Rebelião latino-americana
De acordo com o pesquisador David Bewley-Taylor, essa rigidez acarreta um processo de “deserção suave”: vários Estados (entre os quais Alemanha, Holanda, Espanha, Reino Unido, Portugal e Brasil) “se desviam da norma proibicionista ao explorar a plasticidade dos acordos, mas mantendo-se tecnicamente fiel a seus compromissos jurídicos”.8 Além disso, tensões cada vez mais vivas aparecem entre a Junta e a agência das Nações Unidas encarregada da luta contra a Aids (Unaids).
A descriminalização do porte de pequenas quantidades de Cannabis é uma forma de respeitar o texto dos acordos internacionais – que proíbem a legalização – e, ao mesmo tempo, subverter sua essência. Os numerosos Estados da Europa e da América Latina que optaram por esse compromisso são guiados por uma mistura variada de preocupações práticas (reduzir os investimentos na perseguição de consumidores) e filosóficas: o consumo de drogas leves é da ordem do livre-arbítrio do indivíduo.
Hoje, o papel de vanguarda desempenhado por muito tempo pela Holanda, com seu sistema de coffee shops, baseado na descriminalização da venda, foi retomado pelo Uruguai e também pelos estados americanos do Colorado e Washington (e talvez em breve por Nova York). Tudo isso para o desgosto do diretor da INCB. Raymond Yans não deixou de alertar sobre as consequências da medida de Montevidéu, que ameaçaria a “integridade do sistema de tratados”, e não hesitou em exigir do presidente Barack Obama que respeitasse a lei federal – que proíbe a legalização – e anulasse os resultados dos referendos que decidiram pela legalização nos estados norte-americanos citados.
Um terceiro eixo de resistência se desenvolve desde 2012 no seio da própria região onde a luta contra as drogas é levada adiante com maior voluntarismo, e com assistência dos Estados Unidos. Incentivado pelos presidentes Juan Manuel Santos (Colômbia) e Otto Pérez Molina (Guatemala), com o apoio notável do presidente mexicano Enrique Peña Neto, esse movimento pretende abandonar uma “guerra” impossível de vencer e que, além disso, aumenta a criminalidade e a corrupção envolvendo os sistemas judiciários. Audácia inimaginável em outra época, os presidentes centro-americanos reunidos em março de 2012 em Tegucigalpa aderiram (na presença do vice-presidente norte-americano Joe Biden!) à proposição guatemalteca de buscar mecanismos alternativos para lutar contra o narcotráfico, como a descriminalização do trânsito da cocaína cujo destino é o território norte-americano.
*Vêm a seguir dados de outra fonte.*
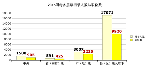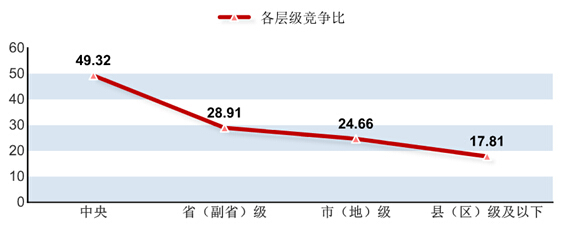 中央、省、市、縣四級(jí)目前競(jìng)爭(zhēng)比是逐漸下降的,中央競(jìng)爭(zhēng)比,為49.32:1,接近50人爭(zhēng)一個(gè)職位,縣(區(qū))級(jí)及以下最低,僅為17.81:1。中公教育專(zhuān)家分析,考生都偏愛(ài)中央層級(jí)的職位,都想進(jìn)入“高層”。 9月25日,人社部聯(lián)合多個(gè)部委正式公布了《關(guān)于做好艱苦邊遠(yuǎn)地區(qū)基層公務(wù)員考試錄用工作的意見(jiàn)》,從六個(gè)方面明確了降低了邊遠(yuǎn)地區(qū)公務(wù)員的進(jìn)入門(mén)檻,且基層公務(wù)員工資改革在即,基層職位的發(fā)展前景廣闊。而在2015國(guó)考公告中也明確指出:對(duì)西部地區(qū)和艱苦邊遠(yuǎn)地區(qū)職位、基層職位和特殊專(zhuān)業(yè)職位等,在劃定最低合格分?jǐn)?shù)線時(shí)將予以政策傾斜。中公教育專(zhuān)家建議考生可將眼光放長(zhǎng)遠(yuǎn),多關(guān)注西部邊遠(yuǎn)地區(qū)職位,積極響應(yīng)國(guó)家的優(yōu)待政策,下基層去鍛煉自己,為將來(lái)的宏圖偉業(yè)奠定基石!
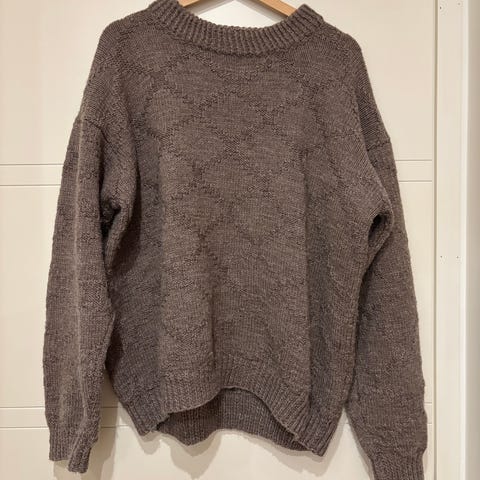 Villapaita villa neule neulepaita ruskea vaaleanruskea mid brown wool sweater knit knitwear v neck miesten unisex
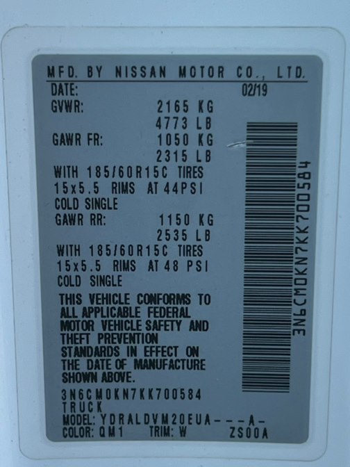 VIN: 3N6CM0KN7KK700584

Essa iniciativa é ainda mais desconcertante para os Estados Unidos na medida que ocorreu em sua esfera de influência direta e foi colocada em prática por personalidades políticas conservadoras.
Em 2011, um relatório da Comissão Mundial sobre as Drogas, assinado pelos ex-presidentes Fernando Henrique Cardoso (Brasil), Ernesto Zedillo (México) e César Gaviria (Colômbia), colocava três tipos de reivindicação com o objetivo de “iniciar a transformação do regime global de proibição das drogas”.9
Se o declínio das concepções proibicionistas parece irreversível, notadamente no seio da opinião pública norte-americana, o futuro a médio prazo do regime internacional de controle permanece difícil de prever. Flexibilização das convenções? Aumento das condutas de “deserção suave”? Multiplicação de deserções radicais à la Uruguai, difíceis de imaginar como poderiam, hoje, ser sancionadas pela ONU? As relações de força na diplomacia das drogas decidirão.
François Polet é sociólogo, pesquisador do Centro Tricontinental (Cetri) e coordenador do livro Narcotrafic. La “guerre aux drogues” en question [Narcotráfico. A “guerra às drogas” em questão], Syllepse-Cetri, Paris-Bruxelas, 2013.